How personal data is collected
Generally, we receive personal data from individuals directly. We use appropriate methods for different situations, including, but not restricted to, website forms, email, paper documents and records of telephone calls.
CCTV cameras are located inside and outside the Cathedral for the purposes of safeguarding and security. Photographs and video recordings are taken at some Cathedral services and events.
What data do we collect?
Data is restricted to that which is required in each instance. In most cases, that will include your name and contact details – email address, home or business address and telephone number. We may need to collect additional information, for example:
- requirements and statutory information for people arranging religious ceremonies and services such as weddings, baptisms, memorial services and confirmations
- requirements for people booking an educational visit to the Cathedral
- payment details for visitors pre-booking a sightseeing visit to the Cathedral or pre-booking tickets for a Cathedral event
- payment details and other records for people who make donations to the Cathedral
- requirements for hiring a room or space in the Cathedral
- areas of expertise for people working in partnership with the Cathedral to either contribute to, support or organise Cathedral services and events
- areas of expertise for volunteers and others providing goods and services to support the work of the Cathedral.
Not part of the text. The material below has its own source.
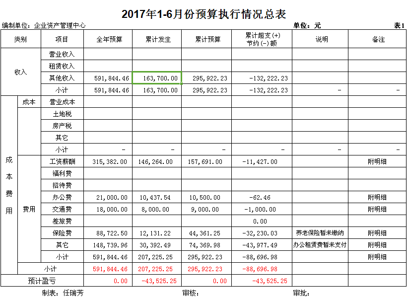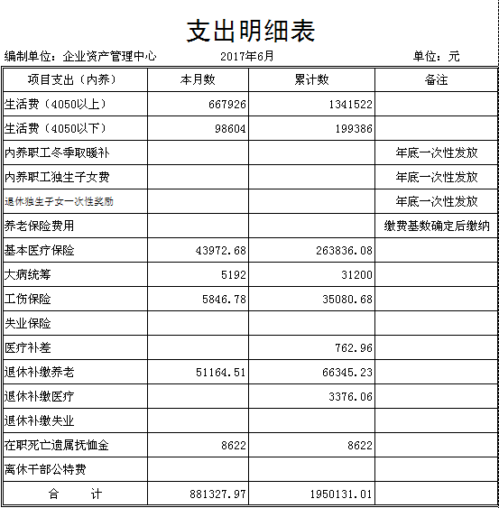 陽(yáng)泉市物資集團(tuán)公司企業(yè)資產(chǎn)管理中心隸屬于陽(yáng)泉市物資集團(tuán)公司,是經(jīng)市國(guó)資委批準(zhǔn)成立的物資集團(tuán)公司七家歇業(yè)關(guān)閉企業(yè)留守機(jī)構(gòu),主要負(fù)責(zé)處理七家歇業(yè)關(guān)閉企業(yè)的相關(guān)事宜,資產(chǎn)管理中心工作人員編制7人。截止目前,我中心共涉及管理原企業(yè)各類人員675人,資金來(lái)源主要依靠財(cái)政撥款,支出主要分為內(nèi)養(yǎng)人員經(jīng)常性費(fèi)用和中心留守人員及機(jī)構(gòu)運(yùn)行費(fèi)用兩部分。2017年財(cái)政核準(zhǔn)收入預(yù)算789.9萬(wàn)元:其中內(nèi)養(yǎng)人員經(jīng)常性費(fèi)用743.3萬(wàn)元,中心留守人員及機(jī)構(gòu)運(yùn)行費(fèi)用46.6萬(wàn)元?,F(xiàn)將上半年預(yù)算執(zhí)行情況及財(cái)務(wù)報(bào)表公示如下:

Who do we share your personal data with?
We collect your information for a specific purpose and only share this information with a third party when it is appropriate and necessary to do so in order to fulfil that purpose. This typically includes:
- helping trusted partners and suppliers involved in the organisation and delivery of Cathedral events and services, including the Diocese of Exeter
- assisting other organisations closely connected with the ministry of Exeter Cathedral, for example the “Friends of Exeter Cathedral” and the “Music Foundation Trust”.
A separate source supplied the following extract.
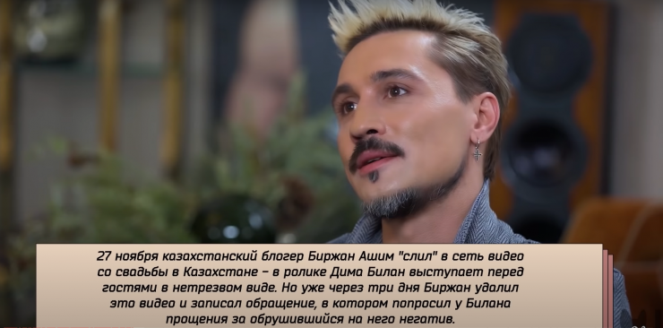 27 ноября блогер Биржан Ашим опубликовал в своих Instagram Stories видео выступающего в нетрезвом виде Билана. Он назвал музыканта "обдолбанным" и заявил, что Билан был пьян. Артист с трудом разговаривал с публикой и не попадал в такт мелодии.

- fulfilment of legal and statutory obligations
- fulfilment of contractual obligations
- helping the Department of Health and Social Care upon any request for visitor information they may make to the Cathedral.
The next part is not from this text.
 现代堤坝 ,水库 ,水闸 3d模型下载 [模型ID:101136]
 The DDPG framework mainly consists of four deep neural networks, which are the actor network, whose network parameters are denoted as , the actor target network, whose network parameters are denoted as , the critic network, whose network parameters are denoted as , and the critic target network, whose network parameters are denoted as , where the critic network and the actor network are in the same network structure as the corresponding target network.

We do not sell or otherwise disclose your information to third parties (including for marketing purposes).
Keeping your personal data secure
We keep personal data for as long as it is needed for the purpose it has been collected, then it is destroyed. The actual period of time takes into account such factors as legal or regulatory requirements. We follow the guidance in “Chapter and Verse: The Care of Cathedral Records” produced by the Church of England Record Centre.
All personal data is stored securely. Paper documents are held in locked cabinets. Computer documents are held on secure systems, protected by appropriate technical measures.
Your rights under the GDPR and the Data Protection Act 2018
Right of access – you may request a copy of your personal data that we hold. We may charge a “reasonable fee” to provide this data.
Right to rectification – you have the right to have personal data corrected if it is inaccurate.
Right to erasure / be forgotten – you have the right to request the deletion or destruction of personal data where there is no compelling reason for its continued processing.
Right to restrict processing – you have the right to request that processing of your personal data is suppressed.
Right to object – you have the right to object to processing based on legitimate interests.
Contact details
Questions, comments, requests and complaints regarding this notice should be addressed to [email protected] or 1 The Cloisters, Exeter, Devon EX1 1HS.
You have the right to lodge a complaint with the Information Commissioner’s Office or its successors. Please refer to their website for further information. At the time of writing this is www.ico.org.uk.
Changes to our Privacy Notice
Any changes we may make to our Privacy Notice will be posted on this page and, where appropriate, notified to you by e-mail.